Wild chimpanzees commonly use sticks to fish for termites, ants or honey. This ability seems to be socially transmitted to juveniles by their mothers across generations. In a natural environment, the limited visibility of this behavior with regards to the extent of stick's insertion and about the success or failure in fishing hinders the study of the underlying learning processes. This study explores the discovery and learning of tool use for fishing honey in an artificial hive by a group of four captive chimpanzees. The discovery of tool use was accidental and coactive. The speed with which the group of experimentally naive chimpanzees discovered and learned tool use suggests that wild chimpanzees of different populations independently discovered the fishing behavior. The alpha male and his ally learned before the subordinates. Here, trial-and-error learning was, as in monkeys, the main process allowing the acquisition of the tool-use technique. However, the observation of conspecifics allowed the orientation of the experimentation by the selection of clues. As suggested by Tomaselloet al. (1987). it is the understanding of the function of the tool,i.e. the cause-effect relations between the action of the demonstrator, the type of tool and the task to accomplish which confer to chimpanzees and advantage over monkeys.     

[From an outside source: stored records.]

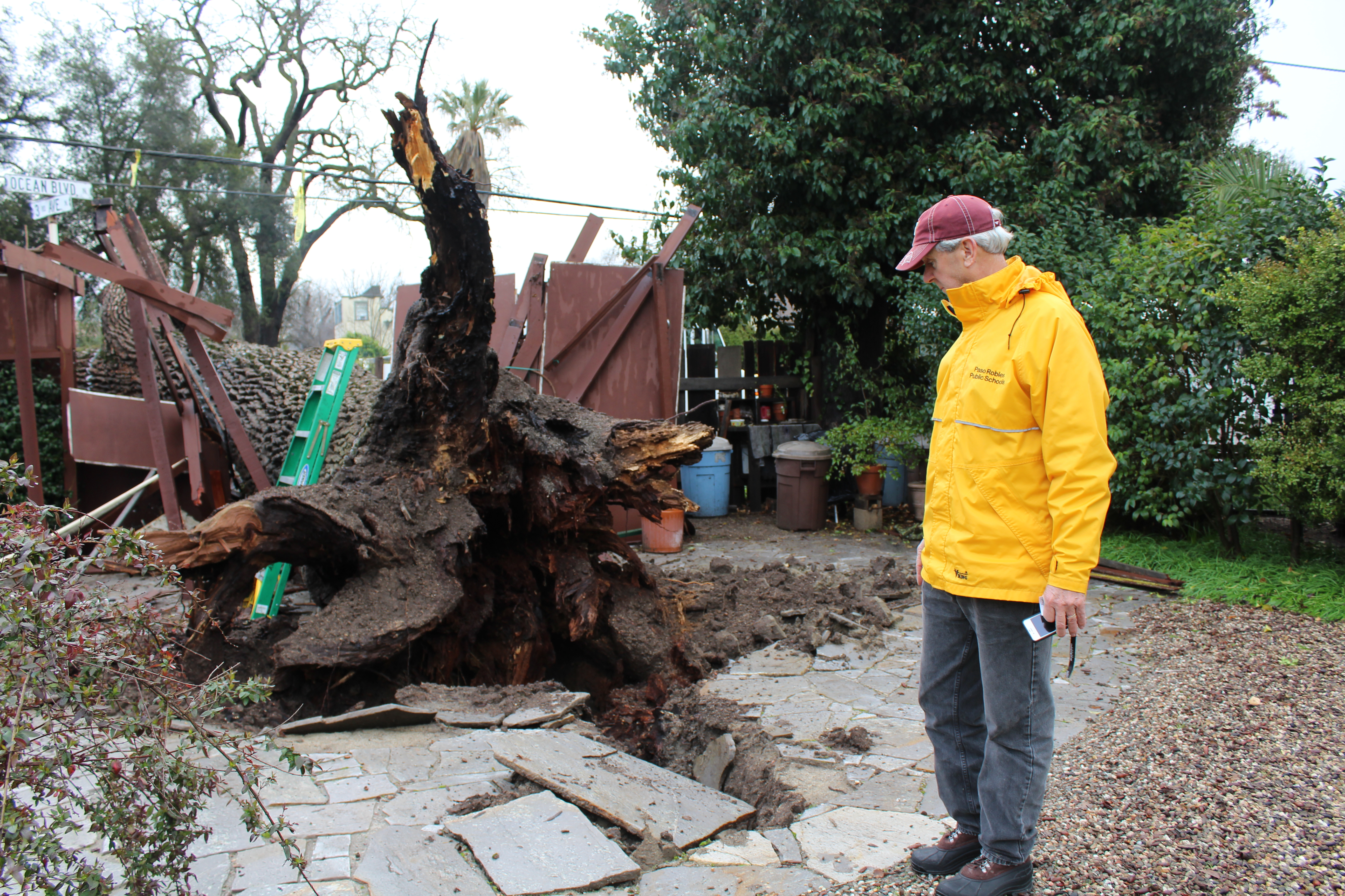 Paso Robles resident Jeff Penick with the tree that fell over in his back yard.
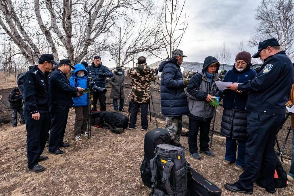 4月17日,民警在向攝影愛好者宣傳鳥類保護知識。(宿海東 攝)
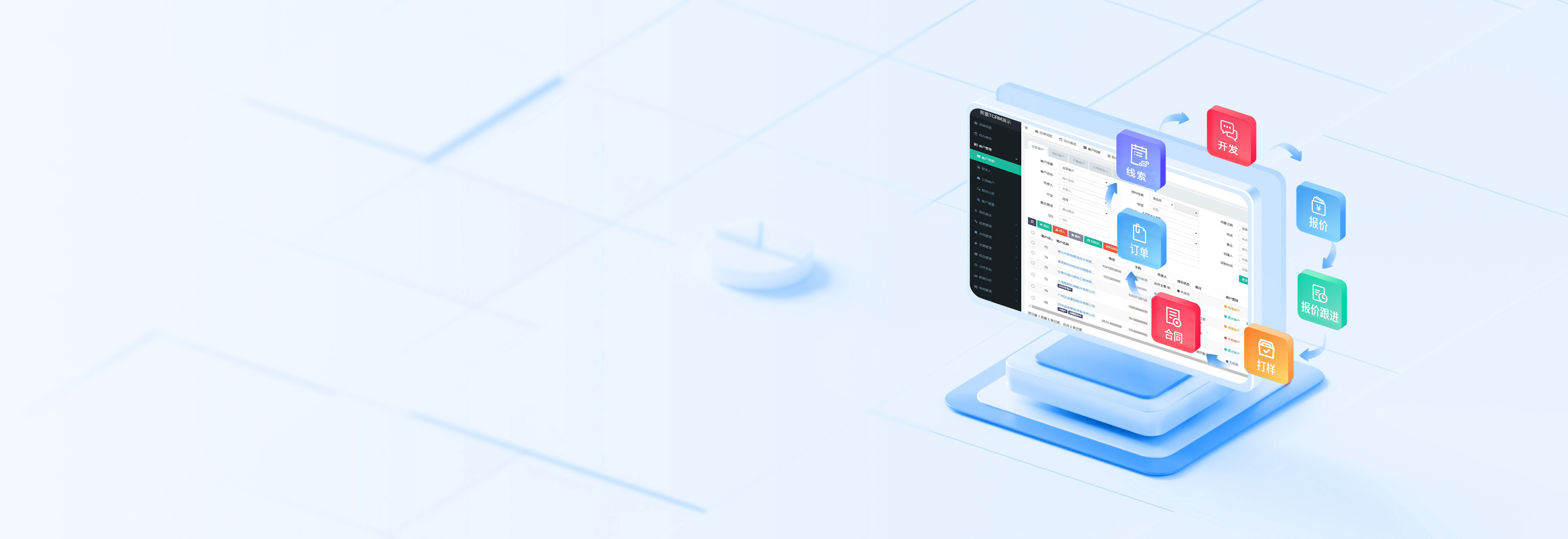 主动式官网 支持AI需求式,不同客户选择标签,推荐展示不同内容 全网分析 覆盖主流搜索引擎,监控分析同行公司竞争动态分析,获取潜在客户公司数据及联系方式 AI自动开发 客量CRM对接,不再依赖关键词搜索,AI自动理解你的需求,进行全渠道挖掘,智能分析客户匹配度,轻松定位全国买家 主动多方位营销 营销模板、短信、邮件、社交媒体、活动、问卷等多渠道主动营销,在线完成客户建档,营销效率提升一倍 立即体验 预约演示
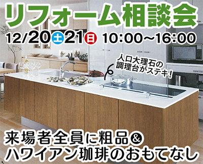 キッチン・お風呂のリフォームをそろそろ考えているという方は、12月20日(土)・21日(日)10時〜16時、トクラス藤沢ショールームで開催されるリフォーム相談会へ(主催/大和ハウスリフォーム(株))。
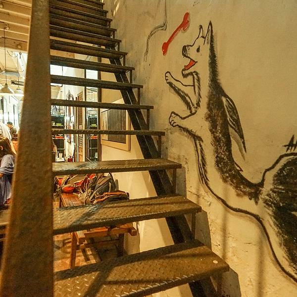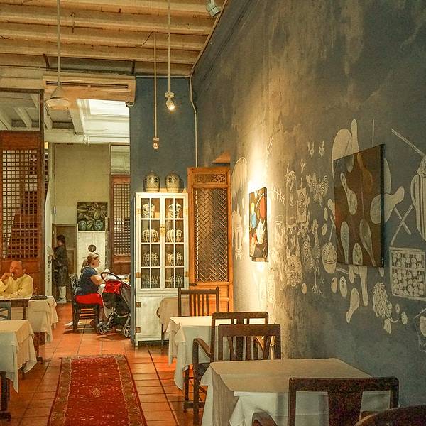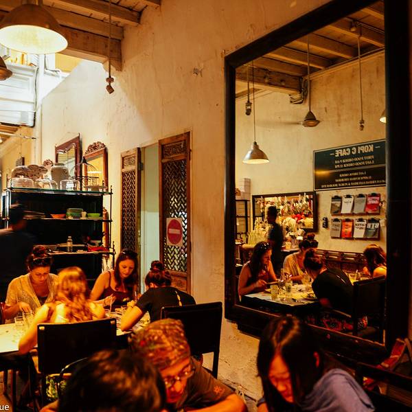 这是一个咖啡馆,新形式的咖啡馆,结合了阅读、艺术、展览、美食的一个空间,装修风格复古风,占三间门面,内部设有多个空间,有Kopi C.Espresso、BTB & Restaurant、Beach Street Bakery、 14Chairs、Vine & Single、Reading Room、Courtyard & Cafe & Burger Bar、Canteen & Bar、Art + Theatre 等等,不同空间开放时间也不尽相同。 我们接近下午两点抵达,咖啡馆里依然很多人,不提早预订都极有可能没有座位。 地址:83B Victoria Street and 153&155 Beach Street, Georgetown, Penang. 营业时间:KopiC 9am-11pm/BTB 630-1030pm/Courtyard 12pm-11pm
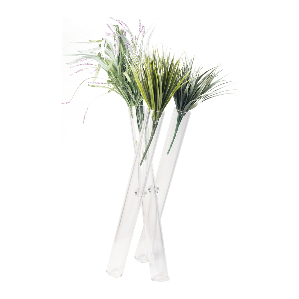 Cheer up any space with our elongated and chic flower vase. This vase consists of three tall cylinders that join together creating an elegant and modern look. It may be used to put any type of plants and decorate any contemporary home.
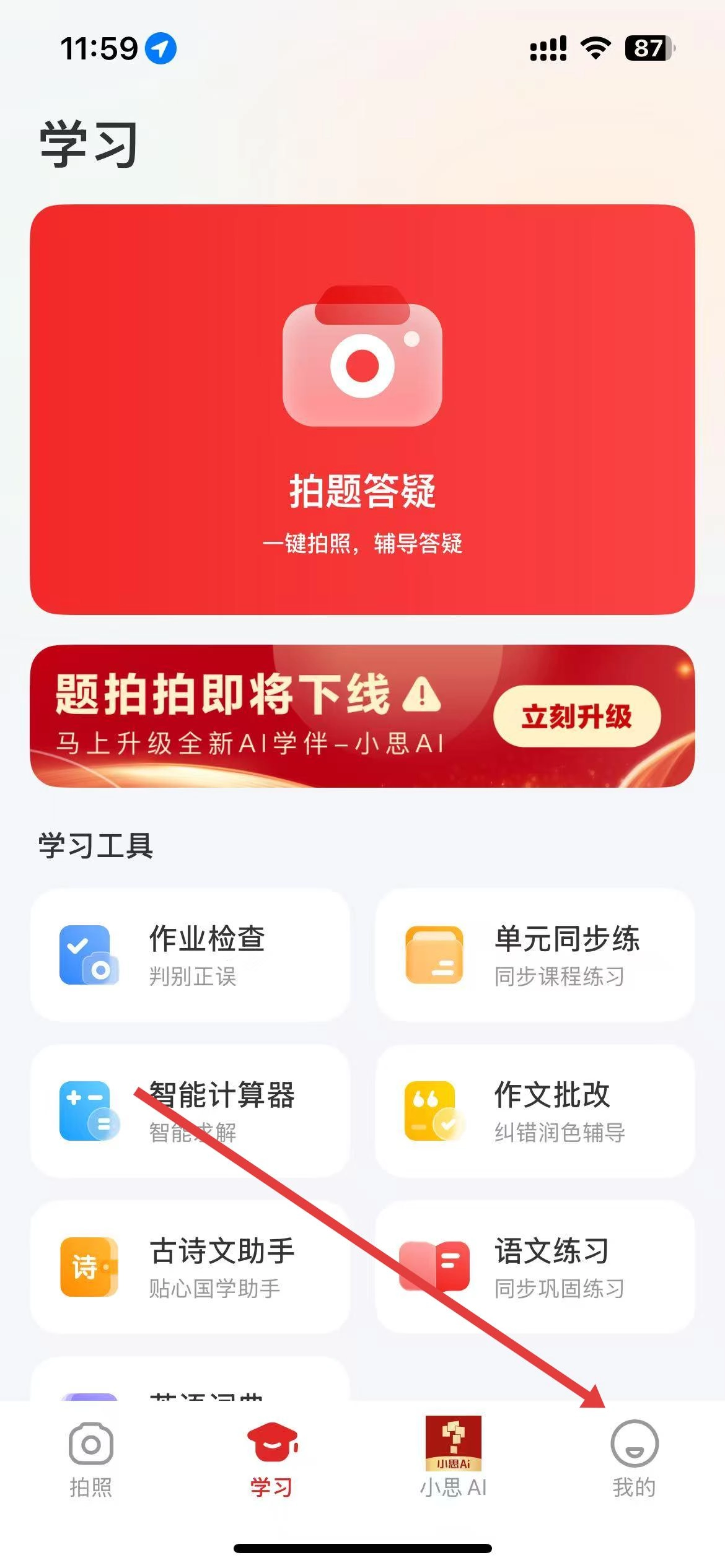 1、后打开进入,在进入后点击首页中间的拍照搜题。
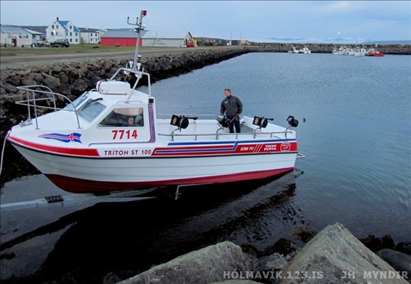 7714. Tríton ST 100, sjósettur að nýju og nú á Hólmavík laust eftir miðnætti í nótt © myndir Jón Halldórsson, holmavik.123.is
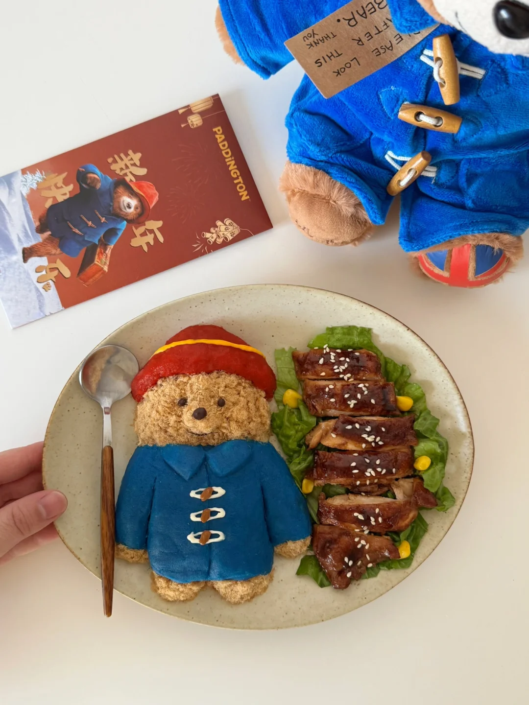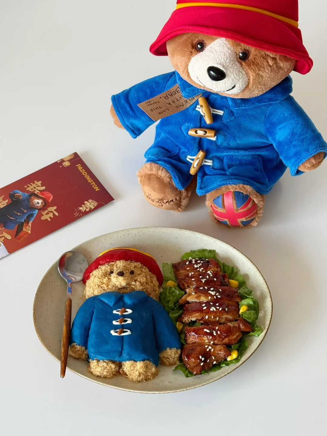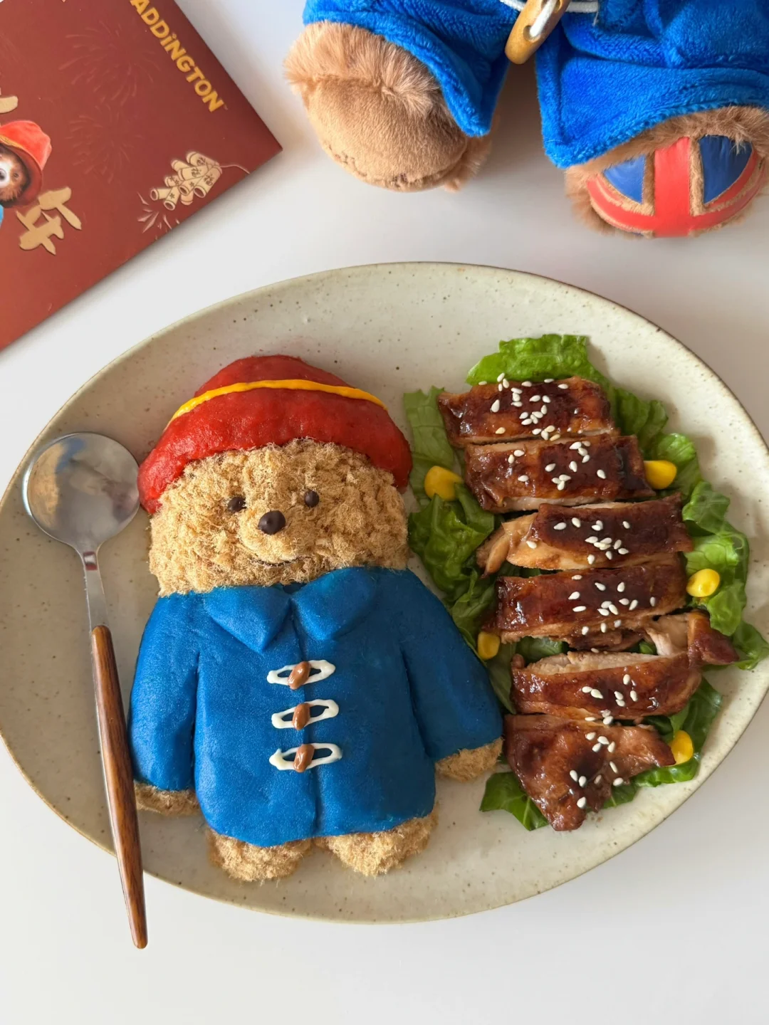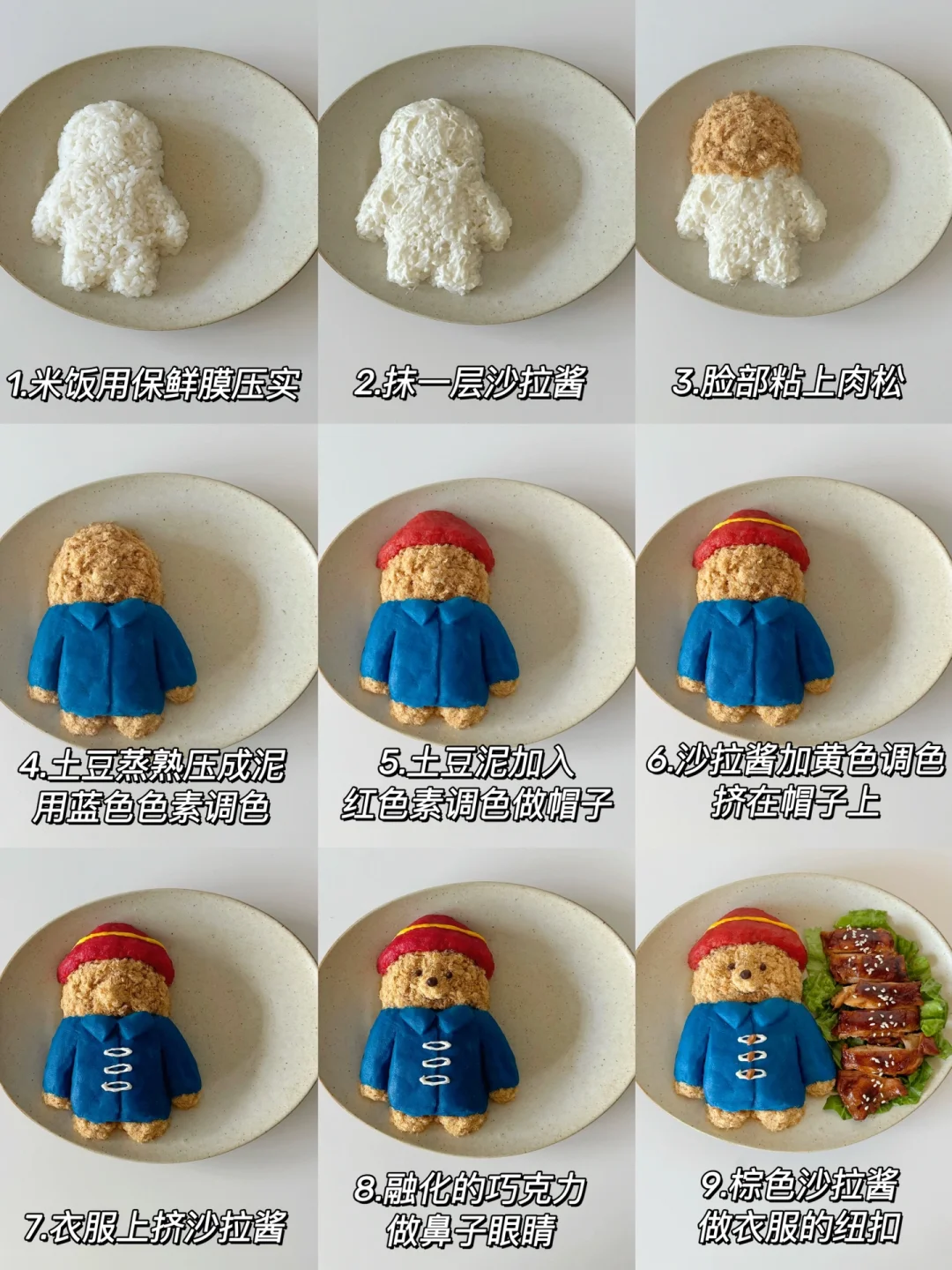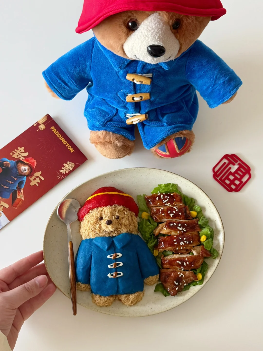 过年在家重温了帕丁顿熊电影🎞️可爱又治愈~蓝色的牛角扣大衣➕红色帽子是独属于它红蓝的经典配色~今天就用食物来复刻DIY一下它吧~
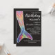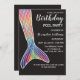 Esta bonita y divertida invitación a la fiesta de cumpleaños es la elección perfecta para una Fiesta de billar divertida y emocionante para la chica de cumpleaños y sus amigos. El diseño presenta una bonito y majestuosos colores arcoíris dibujados a mano ilustrados con la cola de sirena sobre el fondo negro superior. La cola está pintada a mano de rosa, azul marino, color púrpura, balanzas de sirena de color acuático con delineado en blanco. Este diseño artístico, moderno y adorable hará sonreír a su hija y a sus invitados.El color del fondo y del texto está definido pero se puede cambiar pulsando sobre el botón "personalizar".
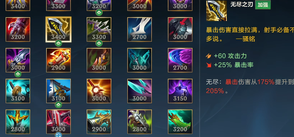 第二件装备,绝大多数情况下就是无尽之刃了。这件装备对亚索的提升是质变级的,因为它能最大化亚索被动双倍暴击率的收益。有了电刀/绿叉加无尽这两件套之后,亚索的战斗力就来到了第一个强势期,的暴击率和伤害已经非常可观,可以积极寻找机会单挑或者跟团了。有些玩家在顺风且对面魔法伤害不高时,可能会选择直接出破败王者之刃,这件装备提供攻击力、攻速和生命偷取,还有打坦克用的百分比伤害,对持续作战能力提升很大。
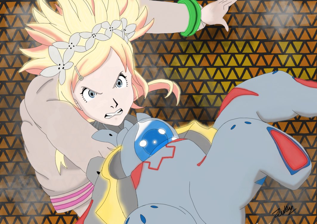 Description: A cartoon character is holding a stuffed animal in front of a wall with a pattern on it and a person is pointing.

Complex tool sets for honey extraction among chimpanzees in Loango National Park, Gabon

Homo faber was once proposed as a label for humans specifically to highlight their unique propensity for tool use. However, new observations on complex tool use by the chimpanzees of Loango National Park, Gabon, expand our knowledge about tool-using abilities in Pan troglodytes. Chimpanzees in Loango, when using tools to extract honey from three types of bee nests, were observed to regularly use three- to five-element tool sets. In other words, different types of tools were used sequentially to access a single food source. Such tool sets included multi-function tools that present typical wear for two distinct uses. In addition, chimpanzees exploited underground bee nests and used ground-perforating tools to locate nest chambers that were not visible from the ground surface. These new observations concur with others from Central African chimpanzees to highlight the importance of honey extraction in arguments favoring the emergence of complex tool use in hominoids, including different tool types, expanded tool sets, multifunction tools, and the exploitation of underground resources. This last technique requires sophisticated cognitive abilities concerning unseen objects. A sequential analysis reveals a higher level of complexity in honey extraction than previously proposed for nut cracking or hunting tools, and compares with some technologies attributed to early hominins from the Early and Middle Stone Age. A better understanding of similarities in human and chimpanzee tool use will allow for a greater understanding of tool-using skills that are uniquely human.     

Do chimpanzees cooperate in a learning task?

The aim of this study was to assess the ability of chimpanzees (Pan troglodytes) to cooperate in an instrumental task. A specially constructed fruit distributor was presented to a group of six captive chimpanzees. A cooperative response required two chimpanzees: both had to pull a handle simultaneously to make a fruit fall into the cage. The dominant male of the group and an infant produced most of the operant responses, and the male got nearly all the fruits. Other conspecifics avoided the dominant male at the apparatus. Social influences appear to limit the possibility of co-operation between individuals because a certain level of interindividual tolerance is required. The results revealed a significant increase in the number of pulls each time both chimpanzees were together at the apparatus. Operant chimpanzees learn to coordinate their actions in time and space.